Problem to solve: Each record below should be repeated precisely as written.

--- Data to process Enclosed Below ---

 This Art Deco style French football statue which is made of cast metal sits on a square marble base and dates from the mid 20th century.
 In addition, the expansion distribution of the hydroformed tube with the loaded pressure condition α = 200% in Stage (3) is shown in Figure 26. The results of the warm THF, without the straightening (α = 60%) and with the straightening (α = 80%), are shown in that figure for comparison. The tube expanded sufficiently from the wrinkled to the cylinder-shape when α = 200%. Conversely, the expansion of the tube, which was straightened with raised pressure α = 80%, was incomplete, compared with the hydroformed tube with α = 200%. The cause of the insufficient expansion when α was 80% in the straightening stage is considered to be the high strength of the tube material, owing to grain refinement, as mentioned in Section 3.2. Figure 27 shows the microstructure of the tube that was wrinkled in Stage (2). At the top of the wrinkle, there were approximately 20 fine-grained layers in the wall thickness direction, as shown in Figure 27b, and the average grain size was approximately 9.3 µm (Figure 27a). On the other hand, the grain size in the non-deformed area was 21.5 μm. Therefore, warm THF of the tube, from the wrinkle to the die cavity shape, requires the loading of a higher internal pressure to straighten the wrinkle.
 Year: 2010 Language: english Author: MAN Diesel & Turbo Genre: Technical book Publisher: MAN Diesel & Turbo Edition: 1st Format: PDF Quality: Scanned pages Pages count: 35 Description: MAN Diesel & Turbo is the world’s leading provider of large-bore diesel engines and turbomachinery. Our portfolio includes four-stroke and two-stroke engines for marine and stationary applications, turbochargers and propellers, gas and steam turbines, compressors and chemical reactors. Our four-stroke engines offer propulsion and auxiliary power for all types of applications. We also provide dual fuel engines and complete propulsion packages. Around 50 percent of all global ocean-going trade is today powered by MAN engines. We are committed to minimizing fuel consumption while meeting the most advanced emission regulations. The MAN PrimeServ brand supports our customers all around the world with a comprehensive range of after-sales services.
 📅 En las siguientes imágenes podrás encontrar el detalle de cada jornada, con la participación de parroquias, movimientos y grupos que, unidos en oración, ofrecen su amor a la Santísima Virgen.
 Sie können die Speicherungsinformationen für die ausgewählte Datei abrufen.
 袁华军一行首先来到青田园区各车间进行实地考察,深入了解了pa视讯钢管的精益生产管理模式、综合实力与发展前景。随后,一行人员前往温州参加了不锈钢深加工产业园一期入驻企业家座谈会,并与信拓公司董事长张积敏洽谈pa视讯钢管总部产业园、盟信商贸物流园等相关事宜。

--- End of Enclosed Data to process ---

Answer box:
 This Art Deco style French football statue which is made of cast metal sits on a square marble base and dates from the mid 20th century.
 In addition, the expansion distribution of the hydroformed tube with the loaded pressure condition α = 200% in Stage (3) is shown in Figure 26. The results of the warm THF, without the straightening (α = 60%) and with the straightening (α = 80%), are shown in that figure for comparison. The tube expanded sufficiently from the wrinkled to the cylinder-shape when α = 200%. Conversely, the expansion of the tube, which was straightened with raised pressure α = 80%, was incomplete, compared with the hydroformed tube with α = 200%. The cause of the insufficient expansion when α was 80% in the straightening stage is considered to be the high strength of the tube material, owing to grain refinement, as mentioned in Section 3.2. Figure 27 shows the microstructure of the tube that was wrinkled in Stage (2). At the top of the wrinkle, there were approximately 20 fine-grained layers in the wall thickness direction, as shown in Figure 27b, and the average grain size was approximately 9.3 µm (Figure 27a). On the other hand, the grain size in the non-deformed area was 21.5 μm. Therefore, warm THF of the tube, from the wrinkle to the die cavity shape, requires the loading of a higher internal pressure to straighten the wrinkle.
 Year: 2010 Language: english Author: MAN Diesel & Turbo Genre: Technical book Publisher: MAN Diesel & Turbo Edition: 1st Format: PDF Quality: Scanned pages Pages count: 35 Description: MAN Diesel & Turbo is the world’s leading provider of large-bore diesel engines and turbomachinery. Our portfolio includes four-stroke and two-stroke engines for marine and stationary applications, turbochargers and propellers, gas and steam turbines, compressors and chemical reactors. Our four-stroke engines offer propulsion and auxiliary power for all types of applications. We also provide dual fuel engines and complete propulsion packages. Around 50 percent of all global ocean-going trade is today powered by MAN engines. We are committed to minimizing fuel consumption while meeting the most advanced emission regulations. The MAN PrimeServ brand supports our customers all around the world with a comprehensive range of after-sales services.
 📅 En las siguientes imágenes podrás encontrar el detalle de cada jornada, con la participación de parroquias, movimientos y grupos que, unidos en oración, ofrecen su amor a la Santísima Virgen.
 Sie können die Speicherungsinformationen für die ausgewählte Datei abrufen.
 袁华军一行首先来到青田园区各车间进行实地考察,深入了解了pa视讯钢管的精益生产管理模式、综合实力与发展前景。随后,一行人员前往温州参加了不锈钢深加工产业园一期入驻企业家座谈会,并与信拓公司董事长张积敏洽谈pa视讯钢管总部产业园、盟信商贸物流园等相关事宜。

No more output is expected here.